The problem: Starting at the line below with "Table 1. Cultural" and stopping at the line with "- PUMPS ONLY, NO", please print each line exactly, those two included, and skip every picture.

Records for the task:
###

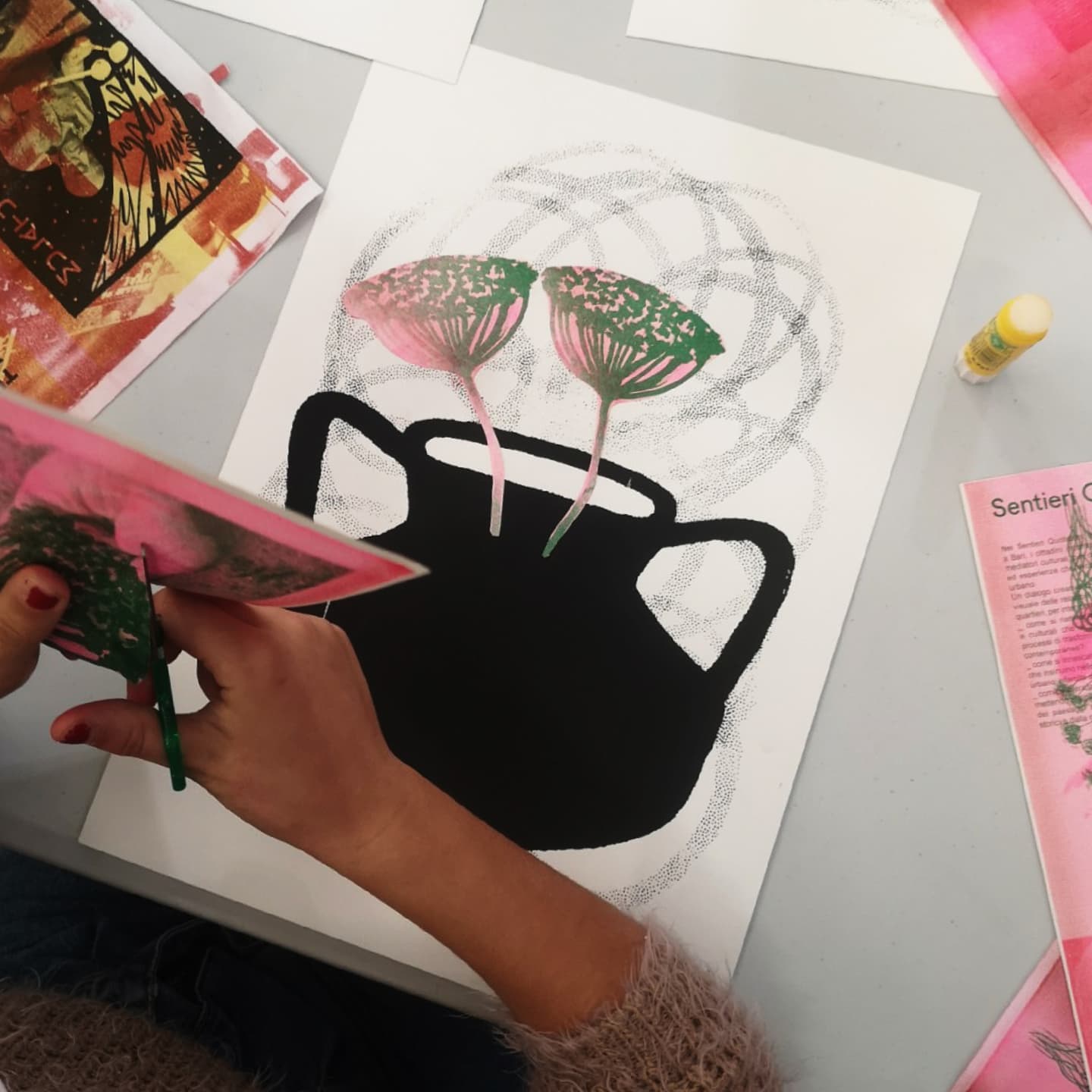 Una volta creato ognuno il proprio colore, si è pronti a stampare su carta e tessuto una composizione collettiva: sull’illustrazione di Michele Santella, ogni partecipante integrerà il proprio contributo utilizzando il proprio stencil personalizzato, in un gioco di sovrapposizioni e sistemi modulari.
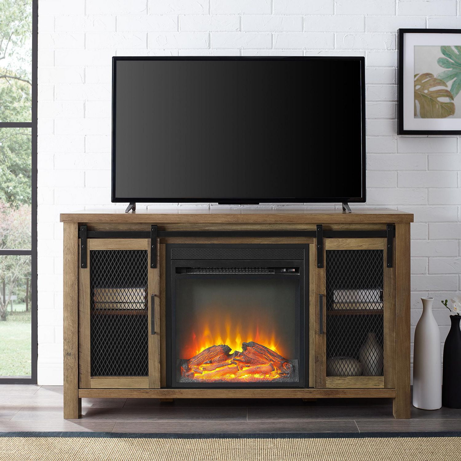 Walker Edison 58 Rustic Farmhouse Barn Door Fireplace Tv Stand
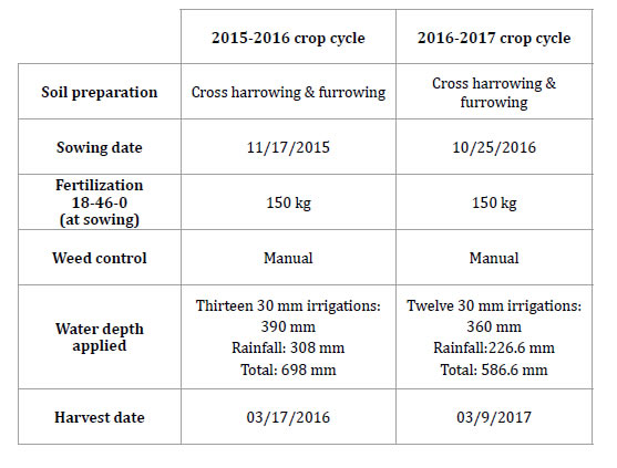 Table 1. Cultural management of the experimental plots- 2015-2016 and 2016-2017 crop cycles.
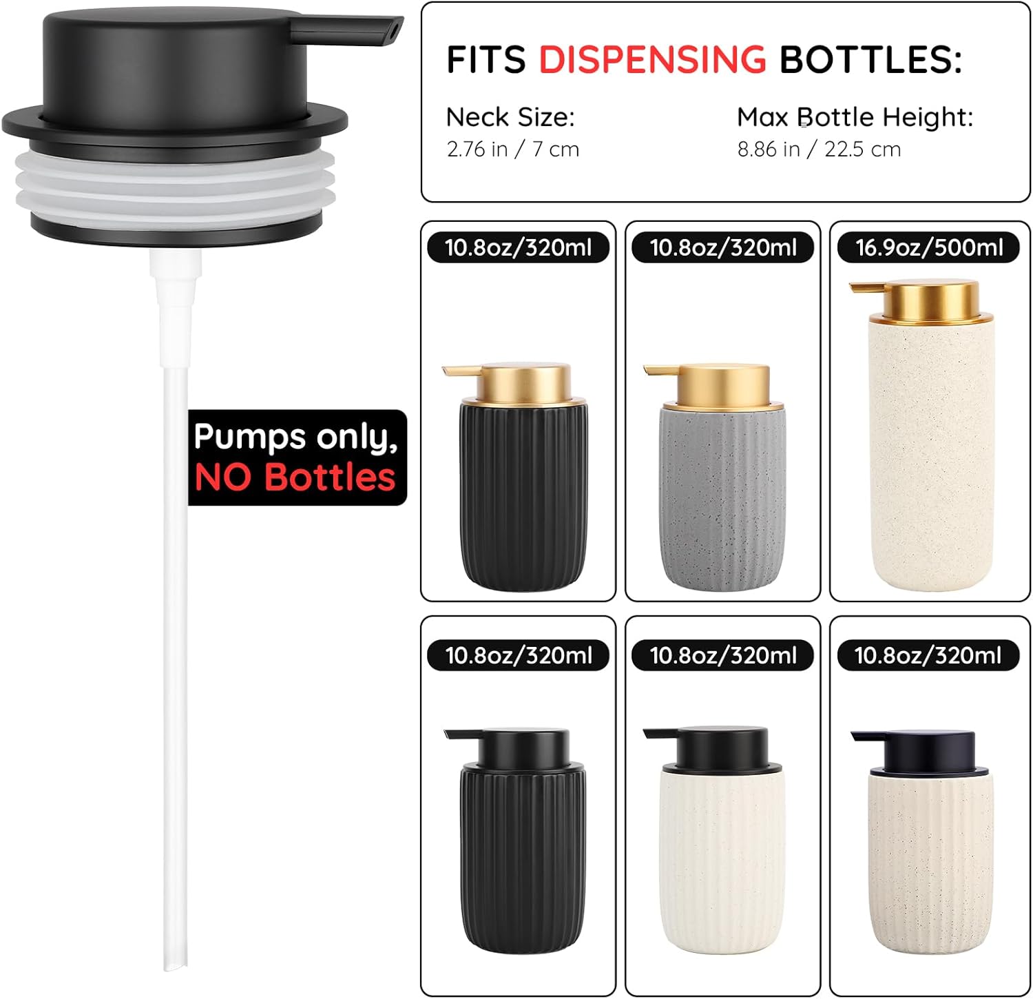 - PUMPS ONLY, NO BOTTLE. Match Bottle Neck Size: Dia. 2.76in/7cm, Max Bottle Body Height: 8.86in/22.5cm. Please be sure to refer to the MEASUREMENT of the fitting BOTTLE SIZE. You will get 2pcs soap dispenser pump head replacement for shampoo
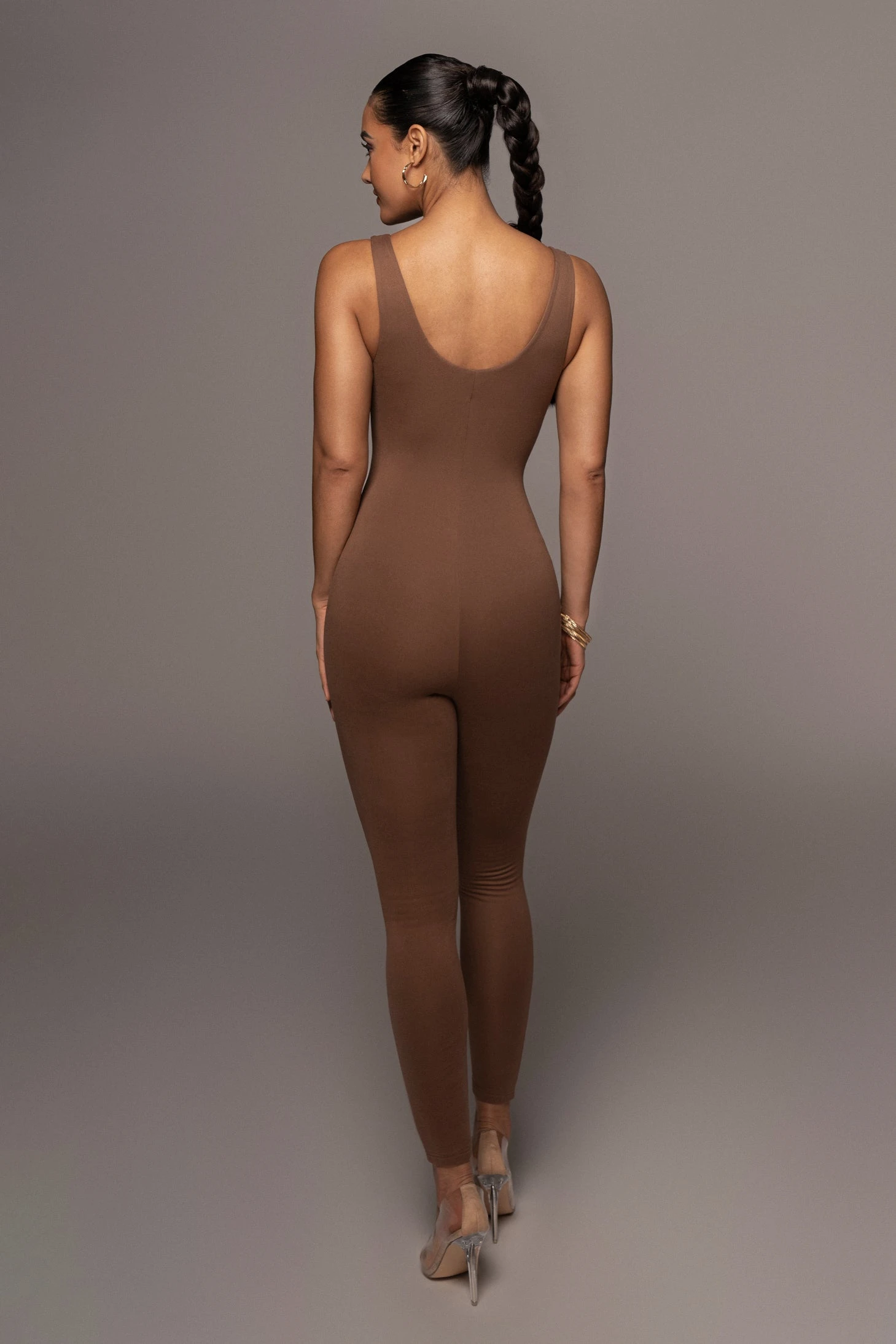 EXCLUSIVELY DESIGNED BY US FOR YOU. All eyes are on you when out in the PECAN ALO DOUBLE LAYER JUMPSUIT! This versatile, sleeveless jumpsuit features a body forming silhouette with a low scoop neck, tank shoulders, and skinny leg hems. Designed in smooth double lined jersey fabric for compression support. Style it as a layer or by itself, either way, your look will be irresistible! Stretchy.
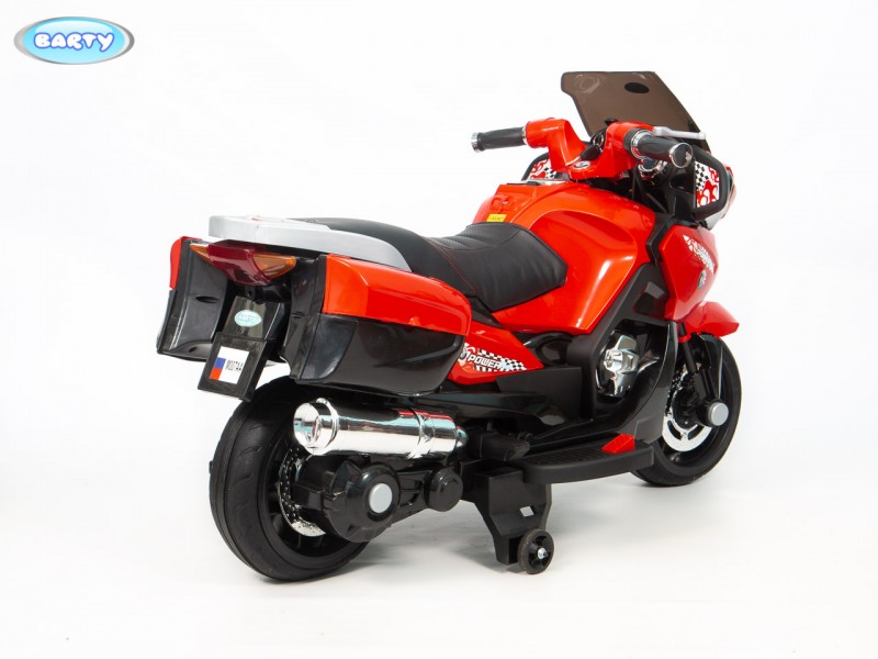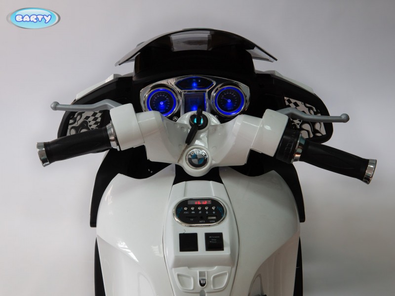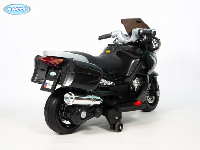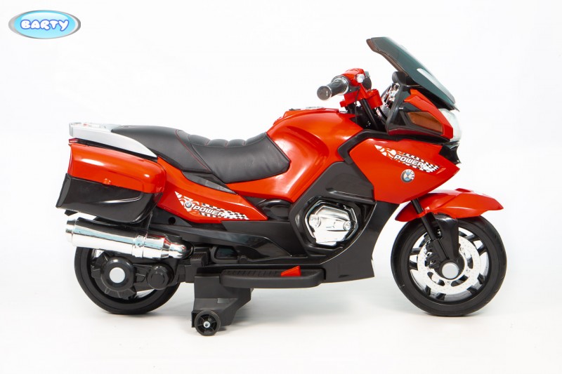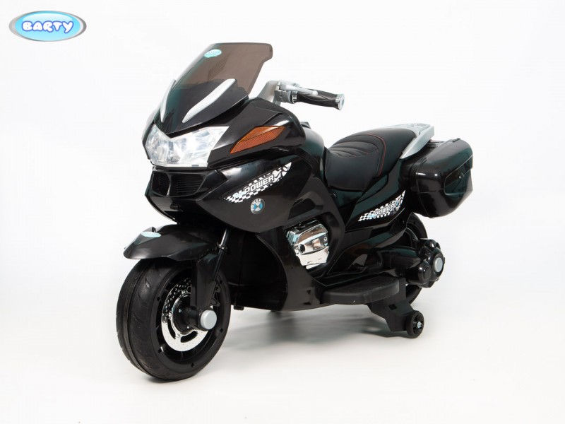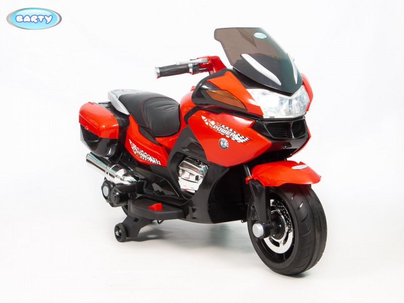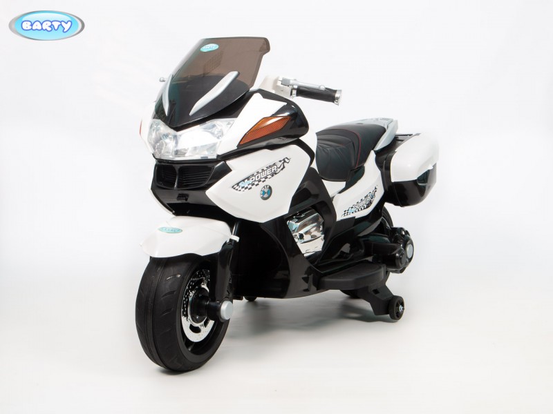 Детский электромотоцикл BARTY BMW R1200RT M007AA (HZB118) (Барти БМВ) - готовы подарить своему ребенку настоящий мотоцикл?! Стильный, крутой и безопасный электромотоцикл для ребенка от 3 до 7 лет. Главной особенностью этой модели является высокая скорость транспорта 7 км/час которая позволит ребенку действительно получить удовольствие от поездки. Для начинающих гонщиков предусмотрены дополнительные колеса для устойчивости, а когда ребенок полностью разберется с новым транспортом их легко снять. Модель R 1200 М007АА очень интересна управлением поворотной ручкой газа на руле, благодаря которой вы можете еще более точно дозировать мощность двигателя . Полная имитация настоящего мотоцикла в управлении. По бокам расположены кофры для игрушек, для удобства юного байкера. Колеса Ева, низкопрофельные обеспечивают надежное сцепление с дорогой.
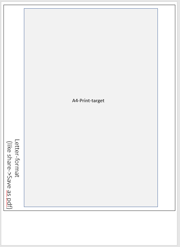As i tried it on Firefox for android, it seems like the page is first converted in an letter-format pdf, which is then printed on A4, which messes up the document. (Additional margins at the sides and bottom.) The Share->Save as PDF-Document looks just like the wrapping letter-page.

###

Written solution:
 Table 1. Cultural management of the experimental plots- 2015-2016 and 2016-2017 crop cycles.
 - PUMPS ONLY, NO BOTTLE. Match Bottle Neck Size: Dia. 2.76in/7cm, Max Bottle Body Height: 8.86in/22.5cm. Please be sure to refer to the MEASUREMENT of the fitting BOTTLE SIZE. You will get 2pcs soap dispenser pump head replacement for shampoo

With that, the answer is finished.